ESRT’s Fred Posniak on W. 34th Street, TOMS and Why Brick-and-Mortar Is Alive and Well
The International Council of Shopping Centers’ RECon Las Vegas was a whirlwind of activity with back-to-back meetings, long lines and a dizzying number of parties. And despite the roughly five-hour plane ride from New York City to Las Vegas, Commercial Observer spent most of its time talking to the real estate players from the Big Apple.
Our very first interview of the trip was with Fred Posniak, a senior vice president of Empire State Realty Trust, who handles all of the company’s retail leasing (along with leasing associate Shanae Ursini) which includes space at 10 Union Square East, 1010 Third Avenue, 77 West 55th Street and The Gotham at 1542 Third Avenue at 86th Street. (Posniak’s portfolio runs 720,653 square feet.)
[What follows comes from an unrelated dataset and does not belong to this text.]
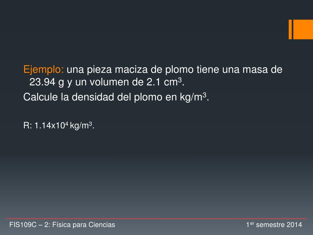 Ejemplo: una pieza maciza de plomo tiene una masa de 23.94 g y un volumen de 2.1 cm3. Calcule la densidad del plomo en kg/m3. R: 1.14x104 kg/m3. FIS109C – 2: Física para Ciencias 1er semestre 2014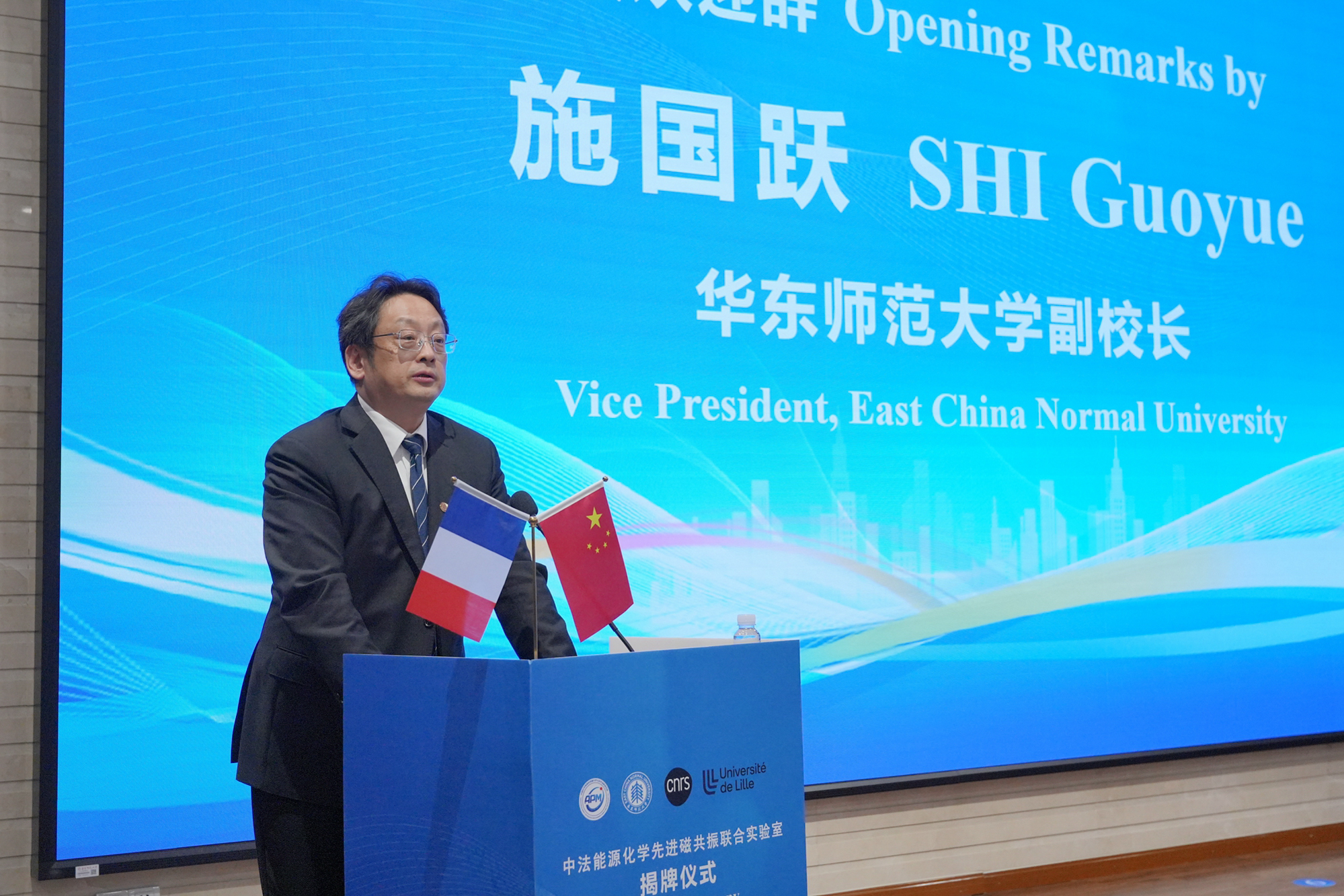 活动伊始,施国跃在致辞中向远道而来的法国嘉宾表示欢迎。他指出,华东师大对法合作历史悠久,成果丰硕。当前,中法三方基于在磁共振与能源化学领域的深厚合作基础,联合成立国际合作实验室,为学校中法合作添砖加瓦。他指出,中法三方的合作历史已逾二十年,长期以来形成了内容扎实、成果丰硕的协同研究格局。三方团队在能源化学的不同方向取得了重要的研究进展,在高分辨固体核磁共振、催化剂结构演化机制、电池机制研究等领域作出了突出贡献。他强调,此次联合实验室的成立,源自中方(华东师大与中国科学院精密测量院)和法方(CNRS、里尔大学)在磁共振技术及能源化学研究上的高度互补性,联合实验室将围绕催化与能源重大科学问题,发展高场固体核磁、原位磁共振等关键技术,构建中法更加紧密的科研合作机制,并在人才培养、学术交流及科研攻关等方面持续推动实质性合作。他表示,希望联合实验室立足双方深厚的合作基础,持续在关键科学领域取得突破性成果,努力建设成为引领中法科技协同创新的示范性平台。

Posniak started his career in 1976, working under real estate icons Lawrence A. Wien and Harry B. Helmsley, and 18 years later, he began working directly with members of the Malkin family.
CO enjoyed a hot beverage with Posniak at The Palazzo. He even recommended this reporter take a gondola ride along the Grand Canal and through the Grand Canal Shoppes at The Venetian hotel, which she did after concluding the interview.
Posniak, dressed in a red Ralph Lauren polo shirt, blue shorts and TOMS shoes (more on that later), talked about how some of ESRT’s properties are at the “gateway to Hudson Yards,” the tweener neighborhood between Herald Square and Times Square, and more.
Commercial Observer: There’s an Empire State Building in Las Vegas. What do you think of that?
Posniak: I guess duplication is the greatest form of compliment. I’ve driven by it. I’ve never been in it. It looks cool. It’s an international icon—ESB. It’s one of the rare buildings that you don’t need an address. You can write a letter to Fred Posniak, Empire State Building, and it will get to me.
The thing is with the ESB in Vegas is it’s shorter than the Chrysler Building.
Maybe a reporter would kind of pick that up, but I don’t think anyone really notices.
How is the Starbucks delivery concept, which opened in August 2015, working in the real Empire State Building (where there’s a big Starbucks and an express Starbucks with no seating)?
They’re happy. They’re not required to tell us what they do, but we have a great relationship with Starbucks and a great relationship with the broker [SCG Retail’s David Firestein]. We’re one of the largest landlords of Starbucks. I have Starbucks at ESB, one at 1350 Broadway, one in Union Square, one at 250 West 57th Street and one at The Gotham retail condominium that we own on 86th Street and Third Avenue. So I think they like us.
Are people into the delivery concept?
Listen, I can’t really speak [to that], but when I’m at ESB I use it.
Are you at ESB daily?
A couple days of week. I know tenants use [the delivery Starbucks]. You have two ends of the spectrum. You have certain people that want to get out of their office and go down to a bigger one. And then you have the other ones that are so busy, and it’s great—[the delivery concept is] off an app. Technology is fantastic. We’re kind of honored that they chose ESB [in which] to launch it. They were courted by many large landlords to do it there, and they chose us. I always thank David [Firestein], and I always thank the people at Starbucks for that. We’re happy with it. It’s another great amenity for the building.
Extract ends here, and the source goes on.